On 5 April 2013 11:30, Mark Jenkins <[email protected]> wrote:

> Skullspace workstations #4 and #5 have disappeared, at least as of Monday
> when I was last in. Each featured dual-boot Windows XP and Ubuntu (with
> multiple desktop environments)
>
> I've looked well (don't repeat the search) and I'm sure they haven't
> suffered the fate of on-site cannibalization. They had a nice, bright,
> orange hand written label on top of each of them that warned not to
> cannibalize them.

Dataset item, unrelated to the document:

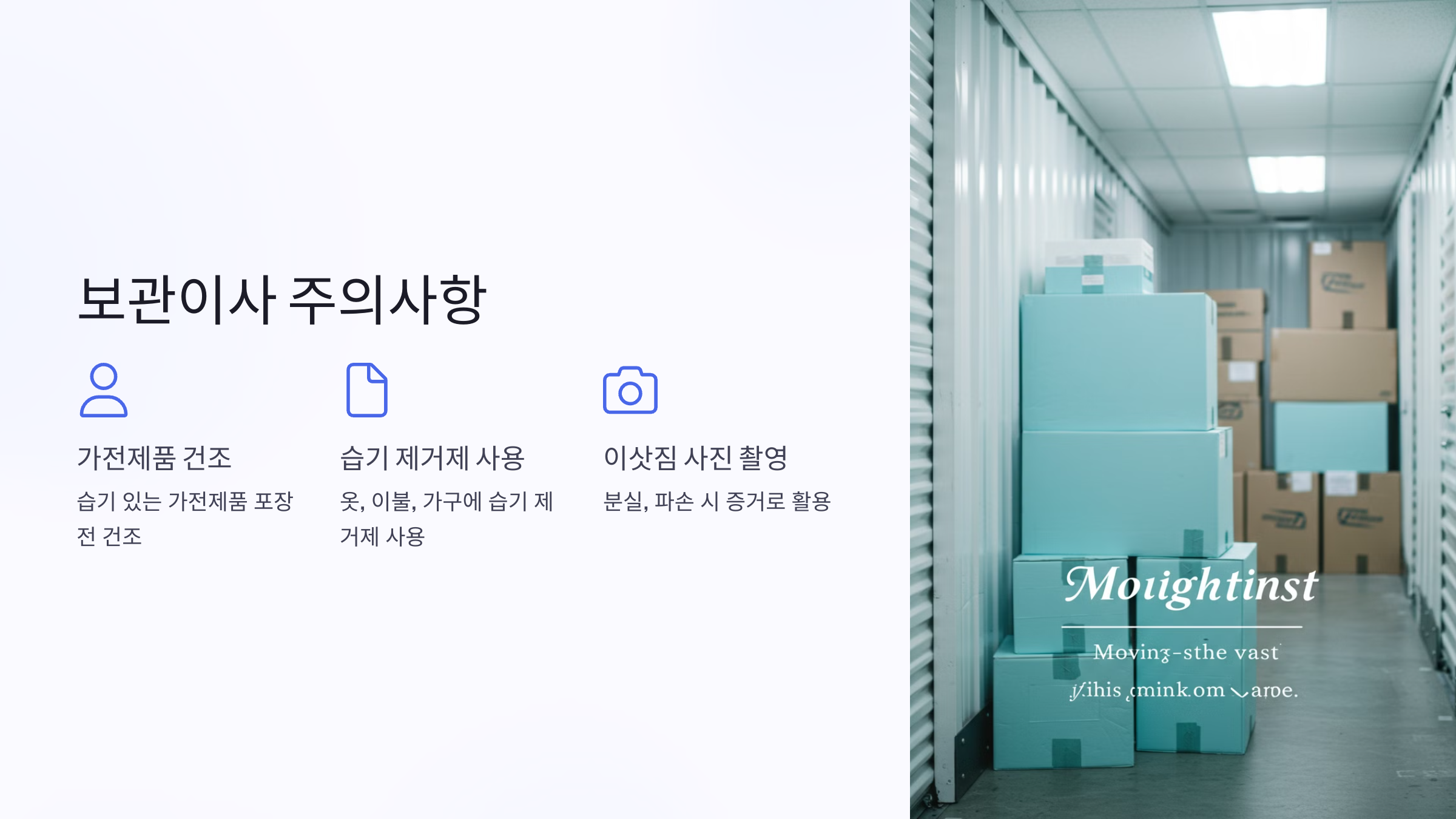 보관이사를 진행할 때는 다음과 같은 점들을 주의해야 합니다:

The labels also identified them clearly as "Skullspace
> Workstation #X".
>
> Does anyone know if they've been off-site stolen or off-site borrowed?
>
> If we don't think they're coming back, I'll get around to re-installing
> Windows/Ubuntu on two of the off-site spares sometime. The spares are
> another late gen P4 with DDR2 and a Core2 with DDR2 -- I'll also do
> installs on something nicer if there's a donation in the wings.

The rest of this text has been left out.